▸ **Data provided**
-=-=-

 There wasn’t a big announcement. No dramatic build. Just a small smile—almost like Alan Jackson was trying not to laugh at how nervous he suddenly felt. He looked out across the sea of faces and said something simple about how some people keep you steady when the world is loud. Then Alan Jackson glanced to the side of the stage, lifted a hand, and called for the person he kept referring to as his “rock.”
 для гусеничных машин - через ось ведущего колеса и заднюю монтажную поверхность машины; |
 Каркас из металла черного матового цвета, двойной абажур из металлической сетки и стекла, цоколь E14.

-=-=-

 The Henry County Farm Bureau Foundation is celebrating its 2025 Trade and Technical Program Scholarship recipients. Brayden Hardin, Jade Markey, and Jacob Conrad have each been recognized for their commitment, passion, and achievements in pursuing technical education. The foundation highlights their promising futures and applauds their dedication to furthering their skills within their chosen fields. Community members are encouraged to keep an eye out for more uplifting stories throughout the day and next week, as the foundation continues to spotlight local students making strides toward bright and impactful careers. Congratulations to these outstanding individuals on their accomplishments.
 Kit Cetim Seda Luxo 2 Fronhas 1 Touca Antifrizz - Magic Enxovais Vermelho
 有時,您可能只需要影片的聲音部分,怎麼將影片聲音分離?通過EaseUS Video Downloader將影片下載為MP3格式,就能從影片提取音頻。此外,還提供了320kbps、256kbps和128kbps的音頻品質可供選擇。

-=-=-

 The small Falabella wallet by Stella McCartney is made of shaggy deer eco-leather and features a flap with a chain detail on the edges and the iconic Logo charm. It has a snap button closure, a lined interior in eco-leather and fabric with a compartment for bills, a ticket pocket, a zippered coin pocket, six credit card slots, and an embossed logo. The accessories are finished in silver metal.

-=-=-

▸ **Work request**
Quote the listing above, but only from the line that shows "для гусеничных машин" through the line that shows "Каркас из металла".

▸ **Written solution**
 для гусеничных машин - через ось ведущего колеса и заднюю монтажную поверхность машины; |
 Каркас из металла черного матового цвета, двойной абажур из металлической сетки и стекла, цоколь E14.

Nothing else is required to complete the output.